Et malheureusement, c'est ce qui ressort très clairement du livre et du documentaires éponymes. Après le découpage d'une chose, on en déduit sa vacuité.
J'aime à rappeler cette définition de la civilisation selon Saint Exépury "la civilisation est un bien invisible puisqu’elle porte non sur les choses, mais sur les liens invisibles qui les lient l’une à l’autre, ainsi et pas autrement". Dès lors, décrire une civilisation, qui plus est à son âge d'or, si son analyse nécessite des découpages, elle ne peut pas servir à la vider; on ne déshabille pas pour mettre à nu.
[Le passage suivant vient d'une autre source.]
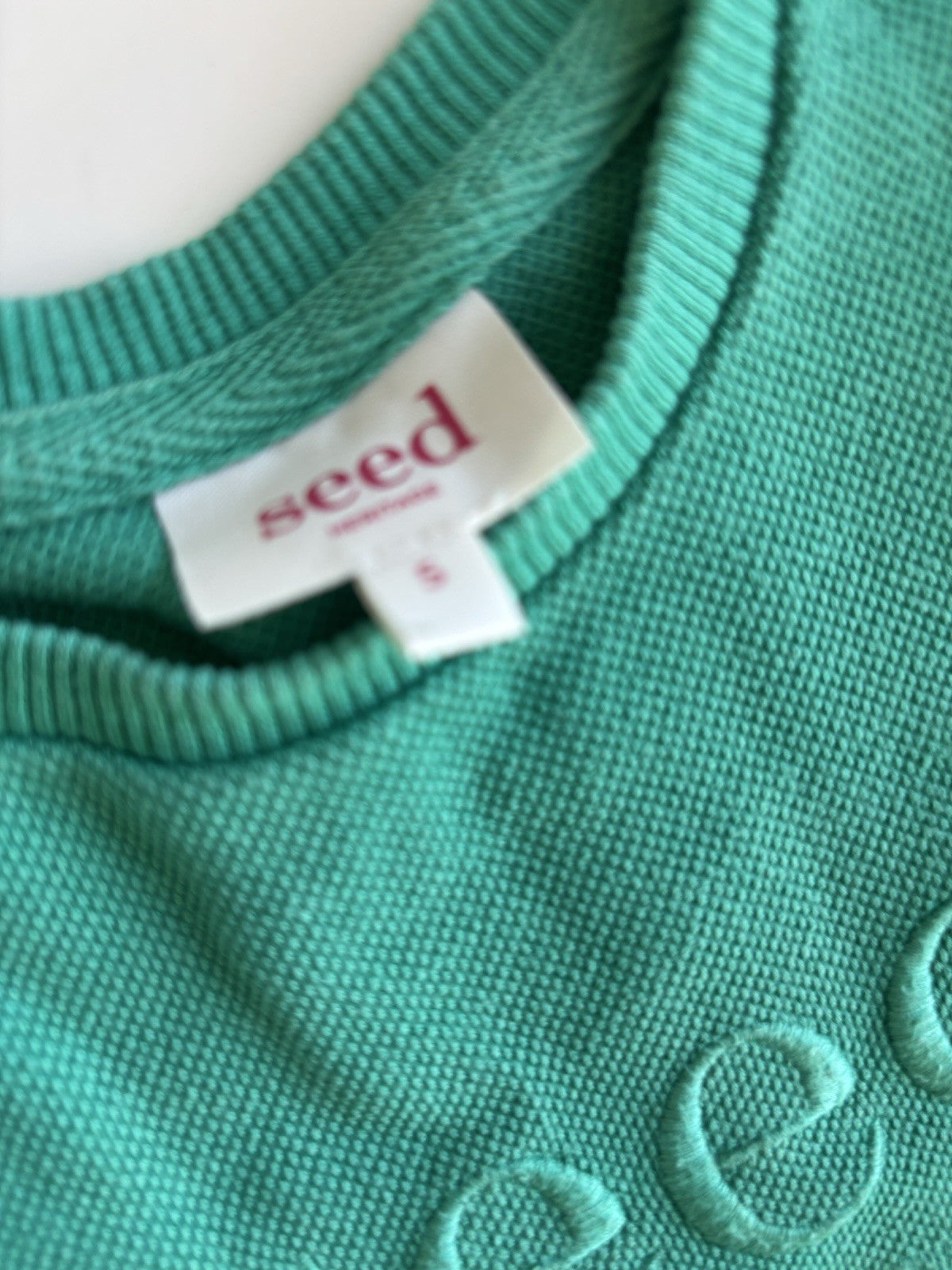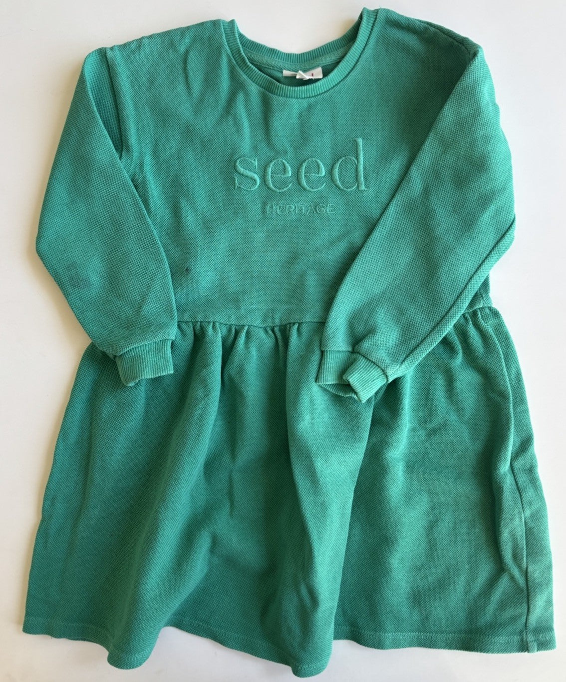 Seed kids girls size 5 green logo long sleeve dress, GUC

Khalil Gibrane, dans le Prophète, disait que le bien et le mal sont indissociablement liés chez l'homme; je le crois volontiers.
Alors je comprends bien que les comptes ne sont pas réglés dans la mémoire collective; pour faire court, d'un côté, l'iranien zoroastre/chiite se sent spolié par l'arabe musulman/sunnite, les sujets étant bien ici les mémoires respectives, pas les identités; pour l'autre, le rationnel-laïc par le sacré-spirituel.

Un titre ambigu
Je me souviens, avec délectation par contre, du livre de Sigrid Hunk, "Le soleil d'Allah brille sur l'occident"; voilà un titre non moins éloquent mais dont la substance n'est pas, osons le mot, empoisonnée; là encore, peut-être est-ce plus facile pour l'allemande qu'est Sigrid Hunk de traiter le sujet lointain de l'islam sans passion?
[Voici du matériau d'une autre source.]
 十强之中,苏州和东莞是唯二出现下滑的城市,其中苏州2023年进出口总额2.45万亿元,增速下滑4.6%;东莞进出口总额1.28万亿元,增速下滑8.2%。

Sans jamais se défaire de son esprit critique, on fait avec elle un voyage éthymologique, épistologique, etc. de l'Occident découpé à l'aune de l'islam en tant que civilisation; on n'est certainement pas plus musulmans à la fin du livre, mais on ne l'est pas moins non plus. Tout comme l'occidental en ressort non pas diminué, vidé, mais raffermi et éclairé.

Conclusion
L'ensemble livre + film "L'âge d'or de l'islam" forme un joli tir croisé sur l'arabe sunnite. Et, soyons cyniques, de manière insidieuse, de l'intérieur. C'est l'apanage des faibles, mais sans doute faut-il aussi entendre ces revendications, elles sont sans doute légitimes et suffisamment étouffées pour être aussi sourdes; mais je suis déçu de la bassesse du procédé, surtout de la part d'intellectuels ou d'un savant. C'est dommage, d'autant qu'on a tous à y gagner. La vengeance, cette fille légitime de l'injustice, ne devrait jamais suppléer l'effort de construction.
Au passage, je considère ce type d'ouvrages comme du "hors piste". Beaucoup de perles à récolter, mais pour le non initié, il y a de quoi être ébranlé dans le fondement d'or de l'islam: la foi. Et sur ce dernier point, dommage collatéral ou délibéré de la part des auteurs, je ne leur pardonne qu'à l'aune de l'inconscience.